»»

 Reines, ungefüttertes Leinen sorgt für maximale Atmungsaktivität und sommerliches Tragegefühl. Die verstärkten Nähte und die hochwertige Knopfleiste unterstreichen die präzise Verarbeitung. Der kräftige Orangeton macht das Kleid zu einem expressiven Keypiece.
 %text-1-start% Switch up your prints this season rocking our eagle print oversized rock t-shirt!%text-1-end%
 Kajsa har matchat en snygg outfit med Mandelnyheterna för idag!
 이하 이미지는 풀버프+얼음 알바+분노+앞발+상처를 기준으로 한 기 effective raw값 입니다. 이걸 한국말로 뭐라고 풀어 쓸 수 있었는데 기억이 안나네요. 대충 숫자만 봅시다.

««

[Problem description]: Return exactly the lines that run from the top of the listing above to the line containing "oversized rock t-shirt!%text-1-end%", please, keeping both end lines and leaving out everything else.

[Answer to the problem]:
 Reines, ungefüttertes Leinen sorgt für maximale Atmungsaktivität und sommerliches Tragegefühl. Die verstärkten Nähte und die hochwertige Knopfleiste unterstreichen die präzise Verarbeitung. Der kräftige Orangeton macht das Kleid zu einem expressiven Keypiece.
 %text-1-start% Switch up your prints this season rocking our eagle print oversized rock t-shirt!%text-1-end%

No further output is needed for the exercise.